Assignment
Below are records; from the line containing "வரலாற்றில் முதல் தடவையாக" through the very last line, output each line exactly. No pictures.

┄┄┄┄┄┄┄┄┄┄┄┄┄┄┄┄┄┄┄┄

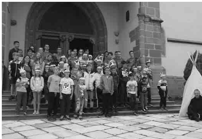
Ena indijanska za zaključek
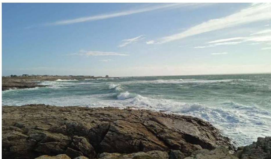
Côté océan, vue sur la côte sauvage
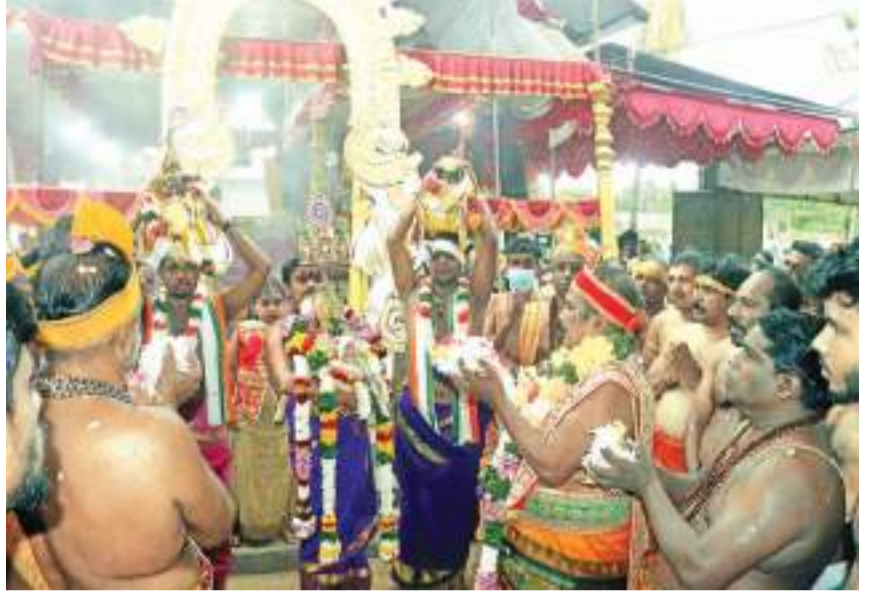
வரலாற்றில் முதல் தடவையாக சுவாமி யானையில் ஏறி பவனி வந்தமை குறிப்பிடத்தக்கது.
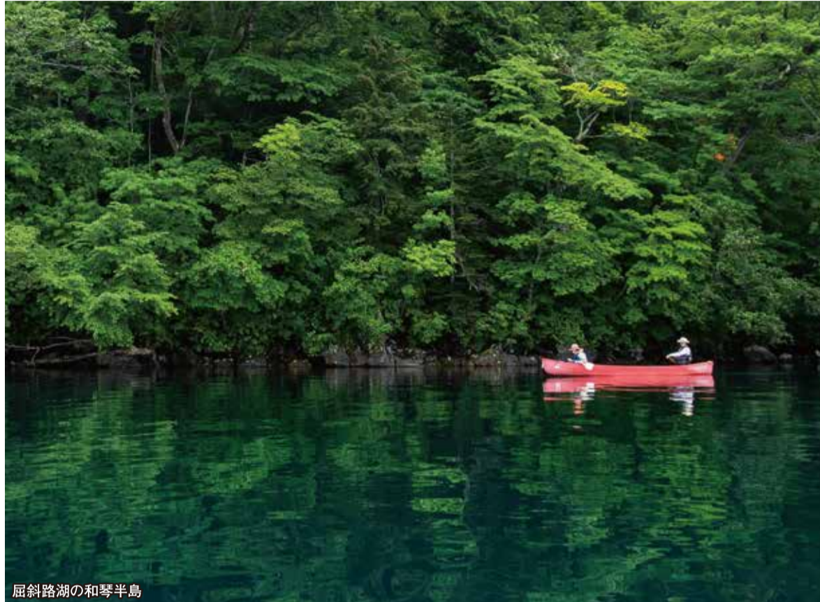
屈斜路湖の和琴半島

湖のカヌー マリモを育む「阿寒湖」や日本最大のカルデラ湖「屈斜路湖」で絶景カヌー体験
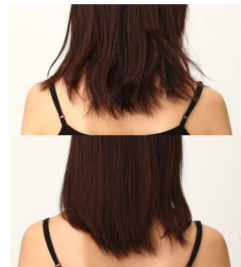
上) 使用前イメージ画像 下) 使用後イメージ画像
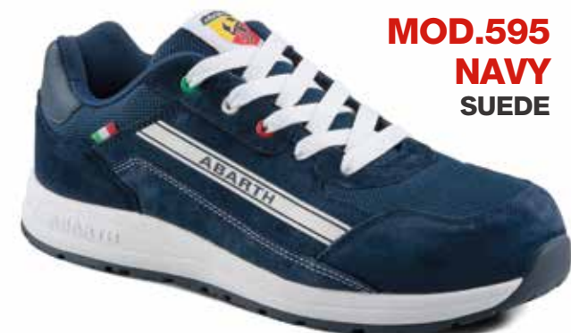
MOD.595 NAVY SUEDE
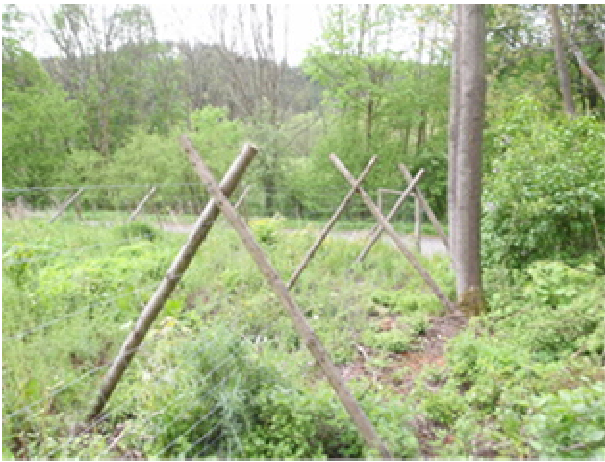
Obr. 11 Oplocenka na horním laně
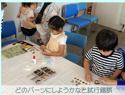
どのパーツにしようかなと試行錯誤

┄┄┄┄┄┄┄┄┄┄┄┄┄┄┄┄┄┄┄┄

Task output
வரலாற்றில் முதல் தடவையாக சுவாமி யானையில் ஏறி பவனி வந்தமை குறிப்பிடத்தக்கது.
屈斜路湖の和琴半島

湖のカヌー マリモを育む「阿寒湖」や日本最大のカルデラ湖「屈斜路湖」で絶景カヌー体験
上) 使用前イメージ画像 下) 使用後イメージ画像
MOD.595 NAVY SUEDE
Obr. 11 Oplocenka na horním laně
どのパーツにしようかなと試行錯誤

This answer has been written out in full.